3) Allow specifying a custom dns policy on the Helm chart (#522): This is a great and clean solution to the problem - although has the downside of requiring more recent versions of Kubernetes. I think we should accept this change as an option as it will be helpful in the future, and is a simple change to our chart.

I think it does allow a user to override the DNS servers used as an option to cert-manager itself. I've seen so far, 3 different proposals on where the option should live:

On the Issuer resource as a per-dns-provider option (#564)
On the Issuer resource as a per-issuer option - I think @mikebryant also suggested this?
As a CLI flag

I don't think it should be per DNS provider personally, as whether the self check passes is a property of the ACME server, and not of a DNS provider. We should attempt to view the DNS zone of the domain from the perspective of the ACME server (i.e. in the Let's Encrypt case, the public DNS hierarchy).

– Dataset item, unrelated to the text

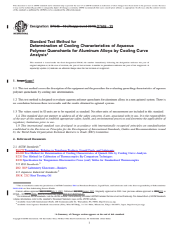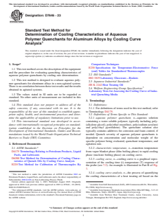 - Test Method Scope: Describes equipment and procedure for evaluating cooling characteristics of aqueous polymer quenchants for aluminum alloys.
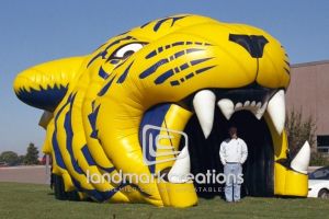 This is what most people think of when inflatables come to mind. Available in custom sizes and designs, cold-air inflatables can be mounted on the ground, on rooftops, indoors or at any fixed location. They inflate with the aid of a blower system in just minutes bringing your product replica, mascot, logo or sports tunnel to life.

Initially, allowing a user to specify this as a 'default' flag on cert-manager seems like the easiest and quickest way forward. This would involve a []string passed to the CLI, which if specified would cause cert-manger to skip reading resolv.conf altogether.

Allowing to specify it on a per-Issuer basis would allow users to consume certificates from two completely isolated ACME servers, i.e. in a highly multi-tenant environment where two organisations share a single instance of cert-manager, and each orgs manage their own ACME server that validates challenges using a private DNS zone.

This does seem like a fairly valid use case, but I don't know if it's worth complicating our API surface at this time if nobody actually requires this feature ❓

cc @mikebryant